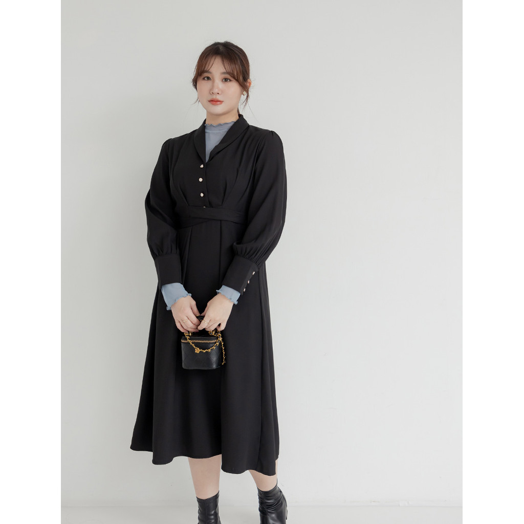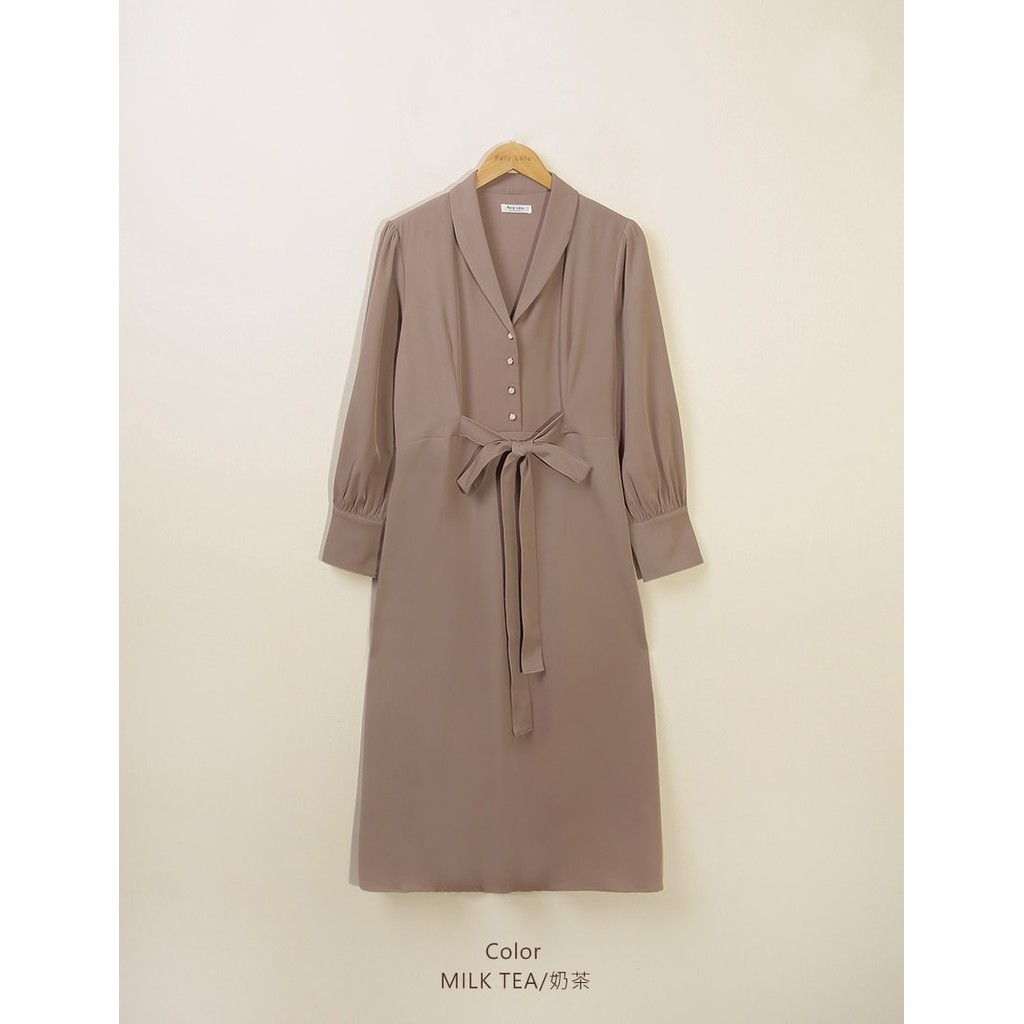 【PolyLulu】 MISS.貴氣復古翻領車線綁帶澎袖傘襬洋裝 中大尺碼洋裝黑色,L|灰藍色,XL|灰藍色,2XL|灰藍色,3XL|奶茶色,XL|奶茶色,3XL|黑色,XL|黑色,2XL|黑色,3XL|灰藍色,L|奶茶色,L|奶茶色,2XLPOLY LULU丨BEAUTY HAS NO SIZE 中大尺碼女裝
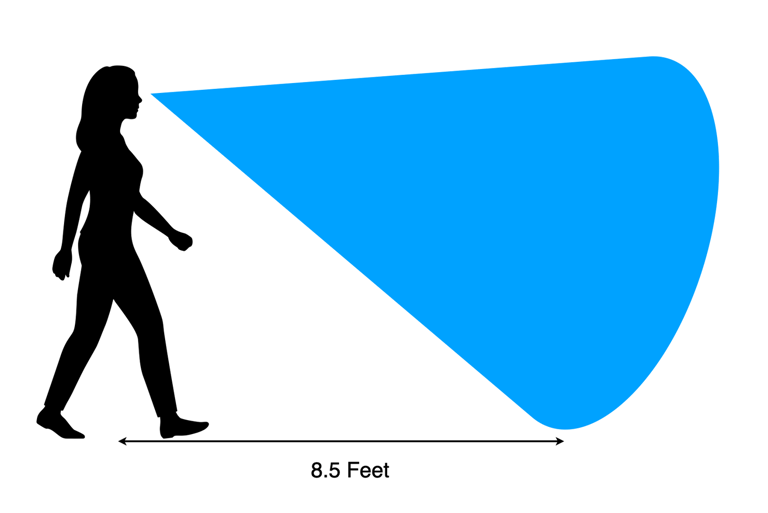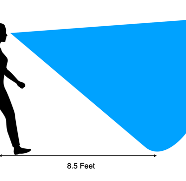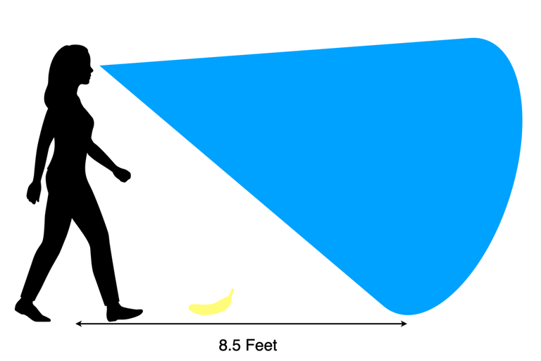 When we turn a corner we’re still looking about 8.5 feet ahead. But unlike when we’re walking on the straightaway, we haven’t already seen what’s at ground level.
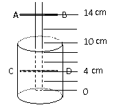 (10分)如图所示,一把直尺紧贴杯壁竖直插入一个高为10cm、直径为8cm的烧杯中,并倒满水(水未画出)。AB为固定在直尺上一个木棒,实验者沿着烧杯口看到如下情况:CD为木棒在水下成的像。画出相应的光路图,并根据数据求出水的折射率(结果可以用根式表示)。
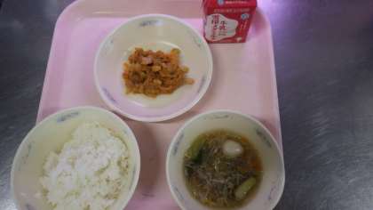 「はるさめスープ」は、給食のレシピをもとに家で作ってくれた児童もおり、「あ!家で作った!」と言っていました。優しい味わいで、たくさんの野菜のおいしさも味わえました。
---
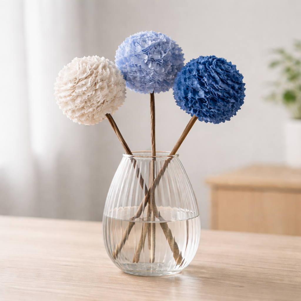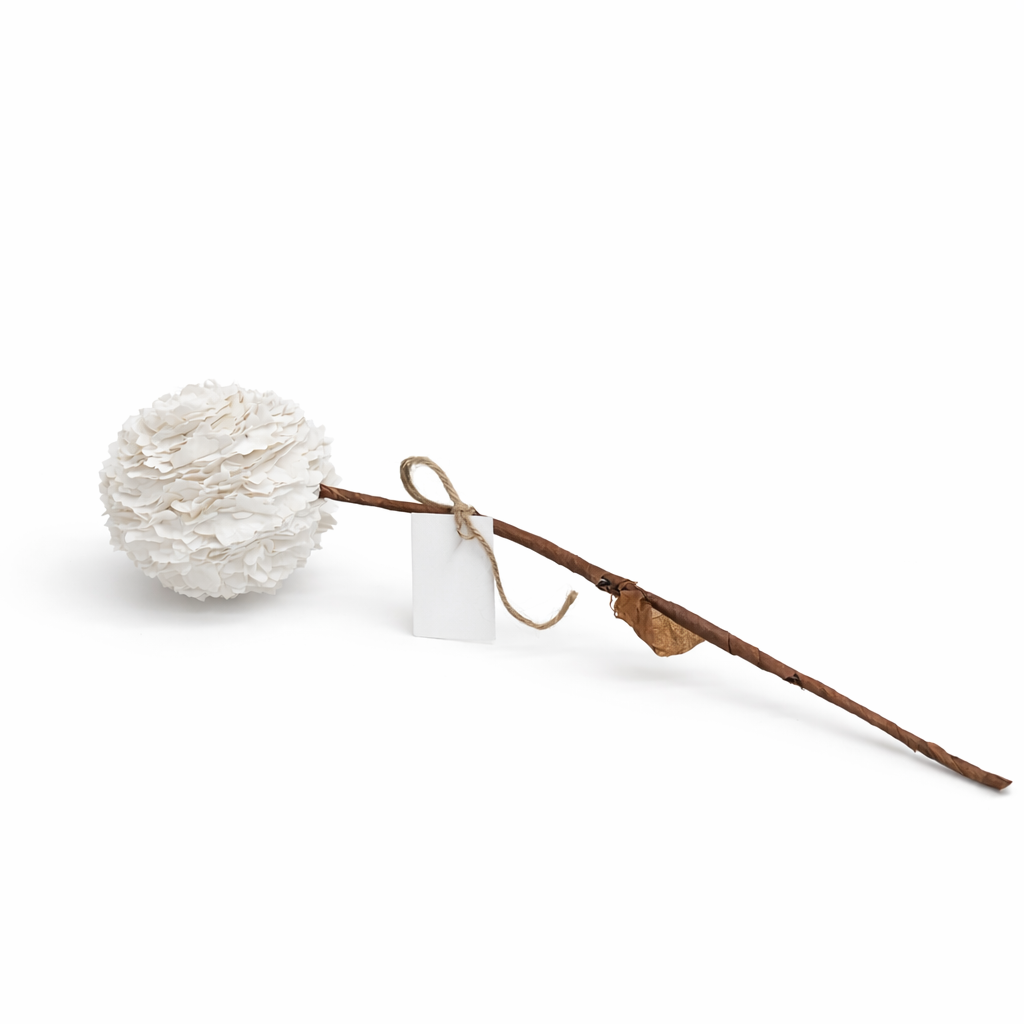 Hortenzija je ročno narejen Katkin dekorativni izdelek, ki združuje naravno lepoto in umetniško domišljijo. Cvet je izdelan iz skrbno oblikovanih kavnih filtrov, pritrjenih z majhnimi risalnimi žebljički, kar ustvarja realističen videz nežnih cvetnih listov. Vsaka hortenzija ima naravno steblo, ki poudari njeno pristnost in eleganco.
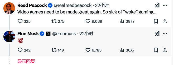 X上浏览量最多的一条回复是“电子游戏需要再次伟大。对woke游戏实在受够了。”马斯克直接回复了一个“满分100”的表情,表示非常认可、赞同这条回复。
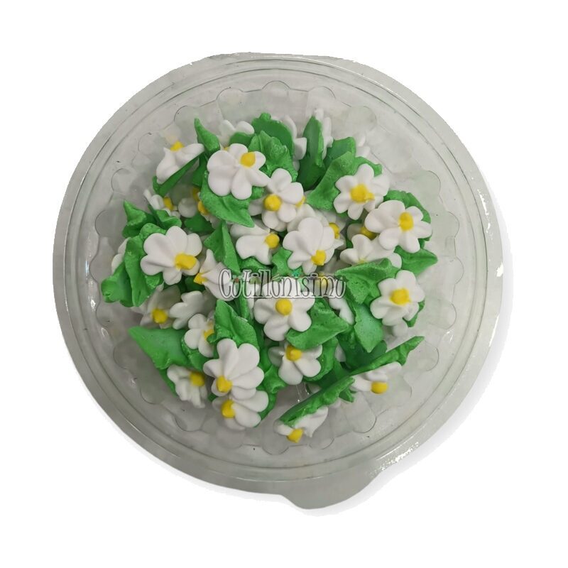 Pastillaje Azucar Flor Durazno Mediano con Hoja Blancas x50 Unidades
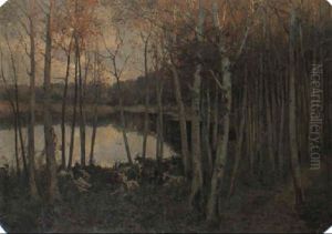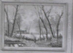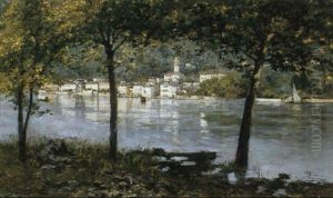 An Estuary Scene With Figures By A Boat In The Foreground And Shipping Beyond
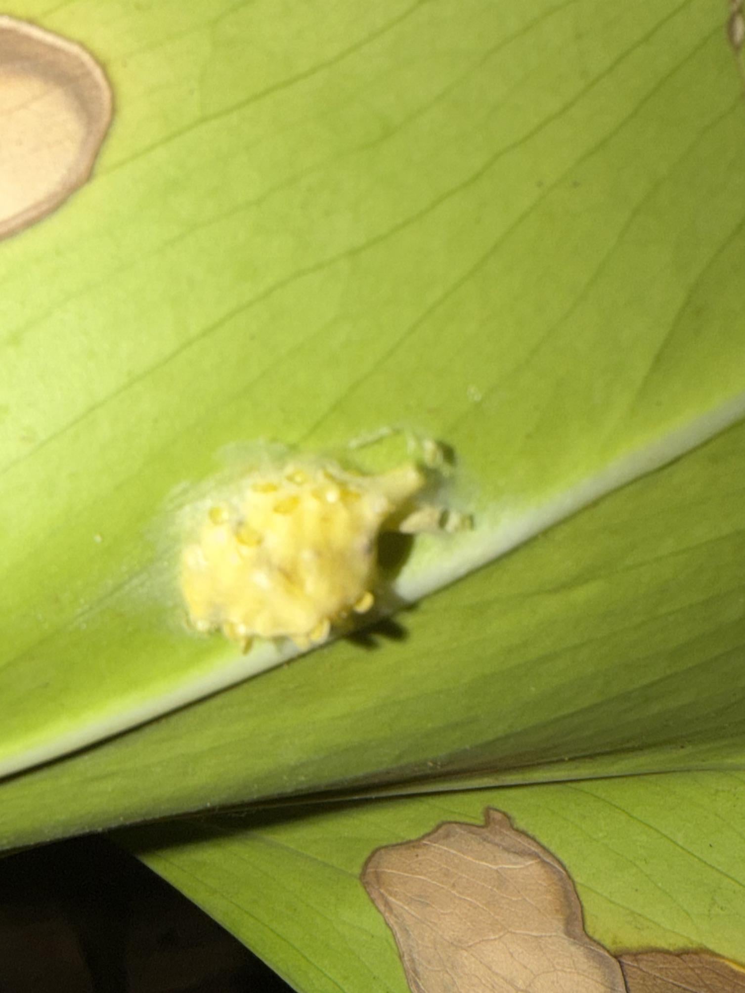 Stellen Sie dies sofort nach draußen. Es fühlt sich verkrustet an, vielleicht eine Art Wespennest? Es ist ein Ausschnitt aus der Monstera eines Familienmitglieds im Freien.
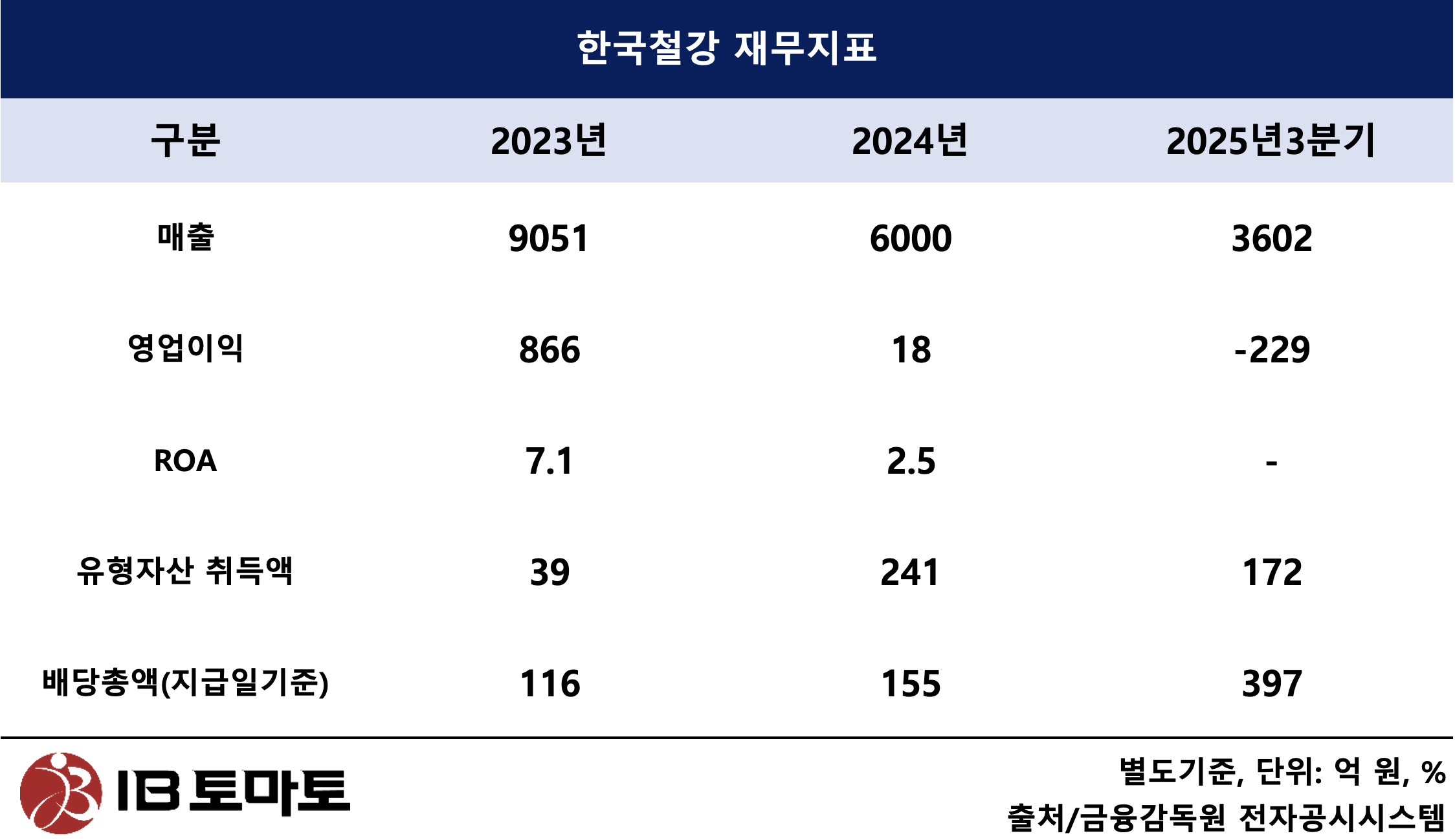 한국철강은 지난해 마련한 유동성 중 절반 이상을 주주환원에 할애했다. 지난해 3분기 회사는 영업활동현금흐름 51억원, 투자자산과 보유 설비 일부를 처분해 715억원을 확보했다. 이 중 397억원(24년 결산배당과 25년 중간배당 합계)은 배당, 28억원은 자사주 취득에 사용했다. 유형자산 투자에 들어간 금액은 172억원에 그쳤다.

◆ **About this task**: Go back to the lines above and output, exactly as they stand, the ones from the line containing "Stellen Sie dies" to the line containing "한국철강은 지난해 마련한". Leave all pictures behind.

◆ **Output for this task**:
 Stellen Sie dies sofort nach draußen. Es fühlt sich verkrustet an, vielleicht eine Art Wespennest? Es ist ein Ausschnitt aus der Monstera eines Familienmitglieds im Freien.
 한국철강은 지난해 마련한 유동성 중 절반 이상을 주주환원에 할애했다. 지난해 3분기 회사는 영업활동현금흐름 51억원, 투자자산과 보유 설비 일부를 처분해 715억원을 확보했다. 이 중 397억원(24년 결산배당과 25년 중간배당 합계)은 배당, 28억원은 자사주 취득에 사용했다. 유형자산 투자에 들어간 금액은 172억원에 그쳤다.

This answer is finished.